[Start of Attachment]

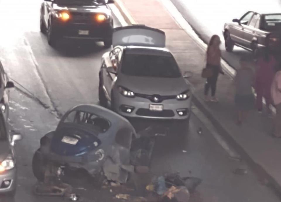 Tras dar varias volteretas se impactó con una camioneta Windstar, la cual quedó destrozada de la parte delantera, mientras otro coche participó en el accidente.
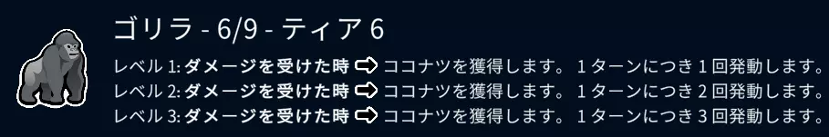 必须受到伤害且未能存活时才能发动能力,这一点是短板。让我们用猴子和食物好好培养吧。
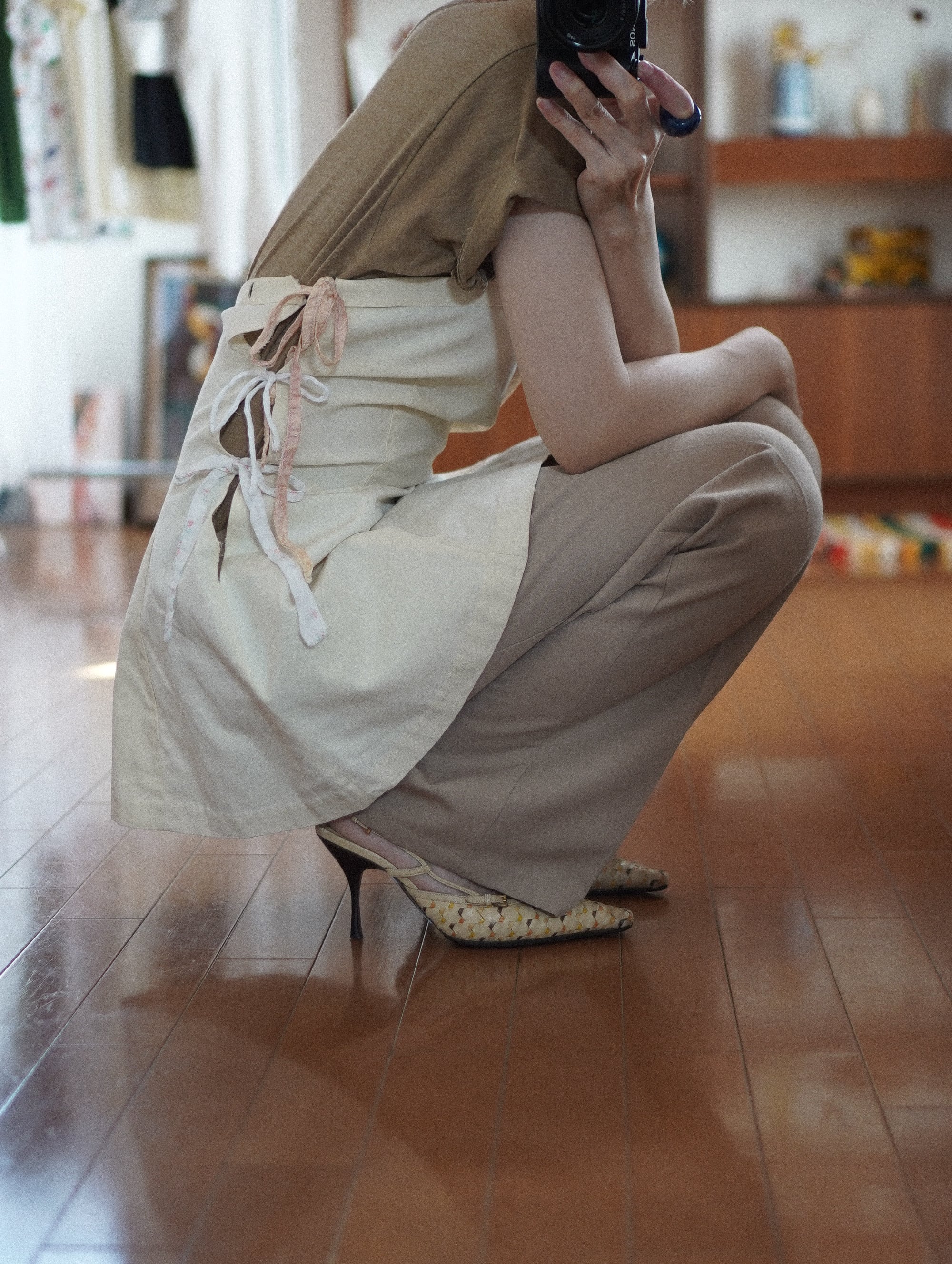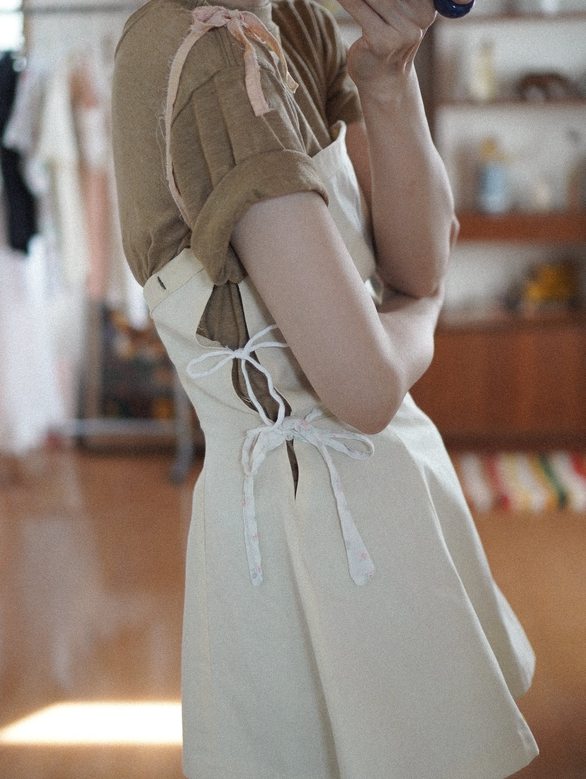素材の違う紐をあえて合わせているところがチャームポイント。古い布紐を使って雰囲気を崩さないようにしています。

[End of Attachment]

Description of the task: The expected output is the run of lines from the one containing "必须受到伤害且未能存活时才能" to the last line of the listing above, both included, word for word and free of pictures.

Output of the exercise:
 必须受到伤害且未能存活时才能发动能力,这一点是短板。让我们用猴子和食物好好培养吧。
素材の違う紐をあえて合わせているところがチャームポイント。古い布紐を使って雰囲気を崩さないようにしています。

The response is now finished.